We just agreed to buy into this resort in Canmore, Alberta (biennial odd) for cheap, which adds to our BRMR and Banff Gate Mountain Resort ownership (!) but don't know that much about it.  We did stop in at the check-in office, but all the units were booked so we couldn't view any.  We did walk through the hot tub/games/etc. area, but that's about it.

Would love to chat with someone else who owns there or knows more about it than us (which wouldn't take much!) - anyone out there?  Thanks!

Bart


----------



## eal (Jul 16, 2008)

Sunset Resorts trades via II - SN1 and SNA

There are three interior photos and one exterior photo in the resort directory 

http://www.intervalworld.com/web/cs?a=1503&resortCode=SNA&parentResortCode=SNA


----------



## barto (Jul 16, 2008)

Thanks for that...I had seen somewhere about it trading with II (which will be a new thing for me), but the pictures definitely helped.

Would still like to hear from owners - supposedly this is one of those deals where you pay for 0-10 weeks per year (well, every OTHER year for us), so yes, you can choose not to pay for ANY week if you don't want to... and for weeks you DO book, you pay a sliding scale depending on the size of the unit.  I think the 3-bdrm units would be $824 CAD, for instance.  It's all new and raises some questions, so would be happy to hear from someone who's been through it before!  

Thanks again.

Bart


----------



## dmiller1 (Jul 31, 2008)

*Sunset Resorts*

We are thinking about buying the 0-10 weeks per year.  I saw your post that you bought bi-ennial (odd years).  How does that work?

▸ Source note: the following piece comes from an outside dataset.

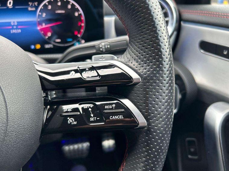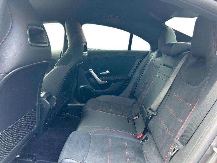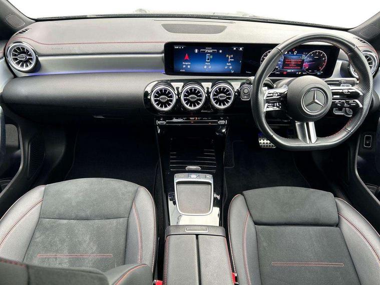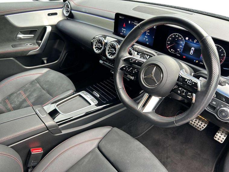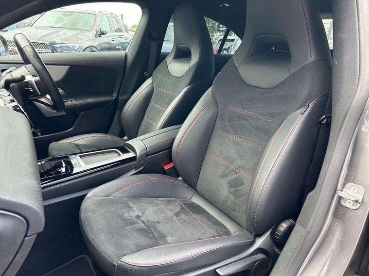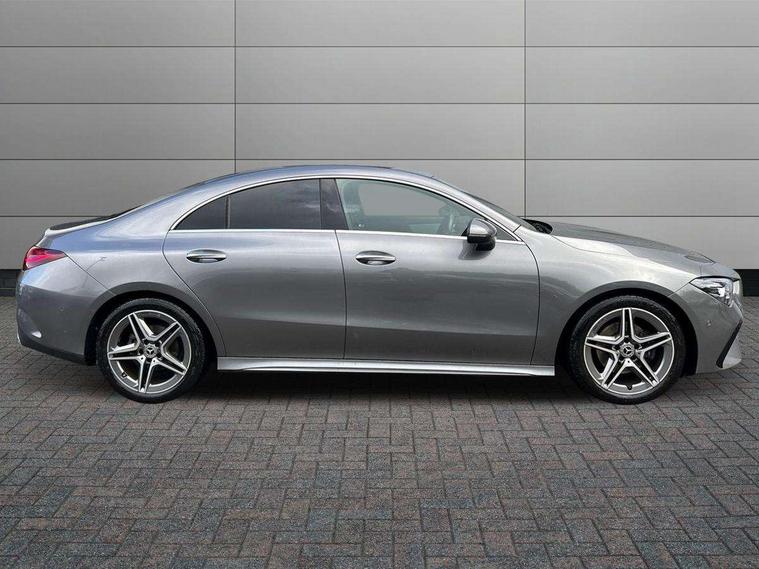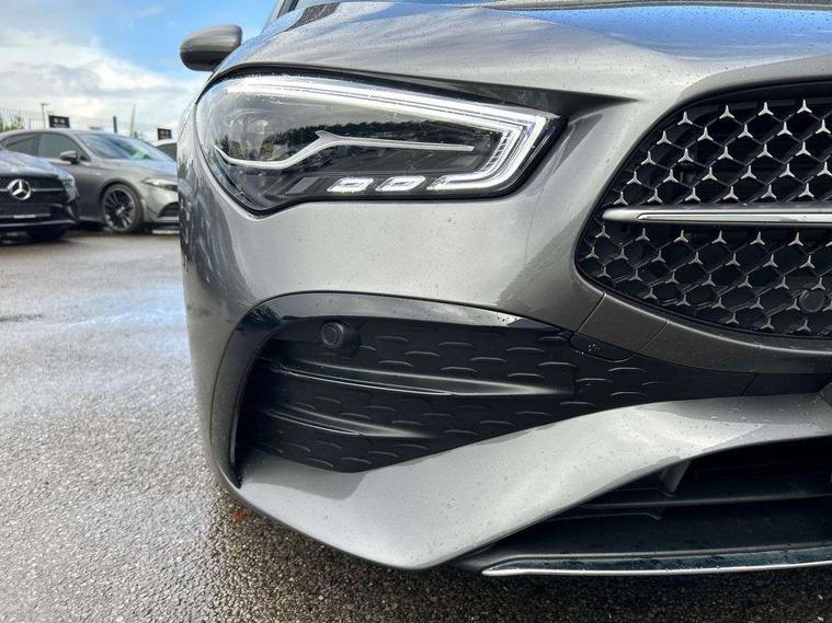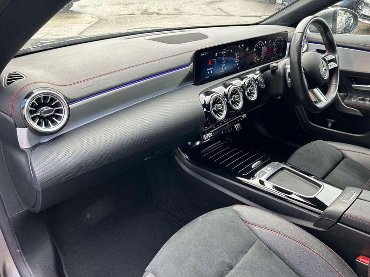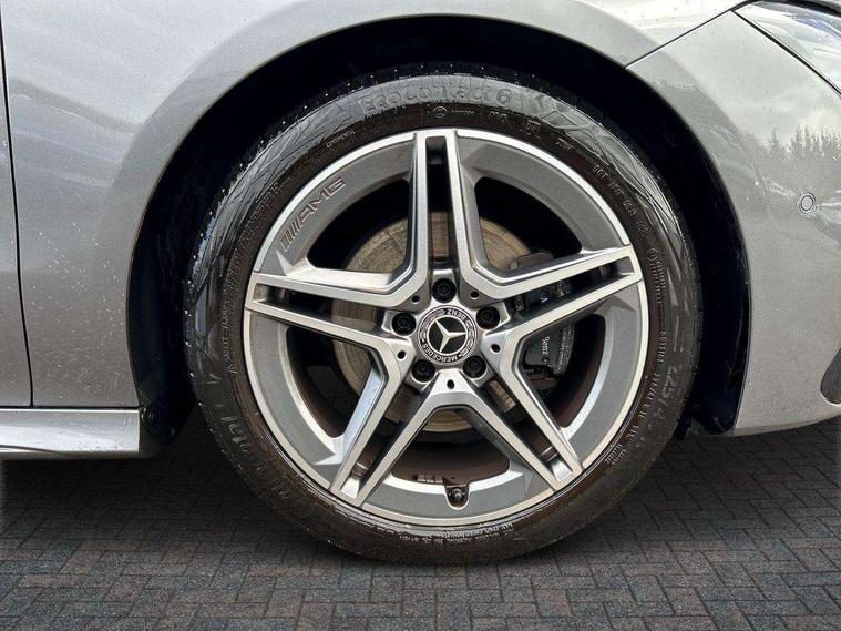10.25 inch Instrument display with digital cockpit, 10.25 inch touchscreen central media display, Active lane keeping assist, Attention assist - Monitors steering behaviour and long journey fatigue, Bluetooth connection, Car wash mode, Cruise control with limiter, Direct steer system, DYNAMIC SELECT with a choice of driving modes (ECO, Comfort, Sport and Individual), ECO start/stop function, Fluid level warning indicator for fuel, oil, coolant and washer fluid, Hard-disk navigation, Hey Mercedes Voice activation, Lamp failure indicator, Mercedes me connect including emergency call system, accident recovery, breakdown and maintenance management, Mercedes me remote services, Outside temperature gauge, Owners manual in English, Pre-installation of private car share, Radio aerial integrated into front and rear windshields, Service indicator (ASSYST), Smartphone integration with Apple CarPlay and Android auto, Speed limit assist, Trip computer in multifunction display with current consumption indicator, Wireless charging in the front centre console, Comfort suspension with ride height lowering, Rear axle multi-link, DAB digital radio tuner, MBUX multimedia system, Mercedes Benz sound system (100 W) with 6 speakers, Pre installation for Mercedes Benz Link, Adaptive brake lights, AMG body styling with AMG front apron and rear apron and visible exhaust tailpipe in chrome trim elements, Body colour door handles, Electric windows, Electrically adjustable and heated door mirrors with integrated LED indicators, Exhaust system with 2 Visible tailpipe trim elements and rear apron with trim in chrome, Headlamp assist automatic headlamp activation, Heated glass rear windscreen + timer control, High gloss aluminium beltline strips, High level LED third brake light, Interior mirror with black reading lamps and frameless, LED high performance headlamps with integrated LED daytime running lights and adaptive highbeam assist, LED tail lamp, Privacy glass with dark tinting on rear side windows and rear window, Radiator grille with Mercedes-Benz pattern in chrome with central Mercedes star and single louvre with chrome inserts, Rain sensing windscreen wipers with two sensitivity settings, Rear boot, Rear fog lamp, Rear side wing doors, Variable front intermittent wipers, Window line trim strip in high gloss aluminium, 3 seat bench in 2nd row, 3 twin spoke flattened multifunction steering wheel in nappa leather - horizontal twin spoke in high gloss black, vertical twin spoke in silver chrome, 4 way lumbar support, 40:20:40 split folding rear seat backrests, Air conditioning - One zone THERMATIC automatic climate control with automatically controlled air distribution, Air vents with surround in silver chrome, Artico man-made leather/Microcut microfibre upholstery, Automatic child seat recognition sensor, Black roof lining, Brushed stainless steel sports pedals with rubber studs, Floor mats with stitched AMG lettering, Front centre armrest with stowage, Galvanished gear shift paddles in silver chrome, Heated front seats, Interior lighting - 64 colour Ambient lighting, Luggage net on driver/front passenger seat backrest, Manually height and reach adjustable steering column, Rear head restraints, Single front passenger seat, Sport seats with fixed head restraints, Stowage compartment in centre console with retractable cover, Sunvisors with illuminated vanity mirrors, Twin front cupholders, Two outer rear seat isofix and top tether child seat fixing points, Keyless go comfort pack - CLA, Light and sight pack - CLA, Mirror pack - CLA, Parking pack with reversing camera - CLA, Seat comfort pack - CLA, USB package plus - CLA, Active bonnet pedestrain safety measure which detects an impact and raises bonnet by 65mm, Active brake assist includes forward collision warning system with autonomous braking, Adaptive brake assist with hold function and hill start assist, Anti lock braking system (ABS) with brake assist, Black seat belts, Bonnet with power domes, Brake calipers with Mercedes-Benz lettering, Brake pad wear warning indicator, Childproof locks manually operated for rear doors and electrically operated for rear power windows, Crash responsive emergency lighting, Driver and front passenger head and sidebags, Driver and front passenger windowbags, Drivers knee airbag, Dual stage driver and front passenger airbags, Electric parking brake, Electronic stability programme with acceleration skid control, ESP curve dynamic assist, Front and rear seatbelt reminder, Front passenger seat occupancy sensor, Perforated front brake discs, Three point rear seat belts, Tyre pressure monitoring system, Warning triangle and first aid kit, Alarm system with immobiliser and interior protection -Thatcham category 1, Guard 360 deg vehicle protection - tow away protection with visual, acoustic warning, interior monitoring, preinstallation for parking damage, Remote central locking and crash sensor with emergency opening function, Light aluminium with longitudinal grain interior trim, 18" AMG 5 twin spoke light alloy wheels painted in termolite grey with high sheen finish, Summer tyres, Tirefit tyre sealant kit,

We loved it at this resort.


----------



## barto (Aug 11, 2008)

Not sure how it works yet (!), but the paperwork should be finalized soon.  I guess we can only do the 'pre-booking' of up to 10 weeks every other year or something strange like that!  

Bought by auction, but looking forward to checking out the resort.  That makes three in that area now (Banff Rocky Mtn Resort, Banff Gate Mtn Resort, and now Sunset Resorts).  Hmmmm...

Bart


----------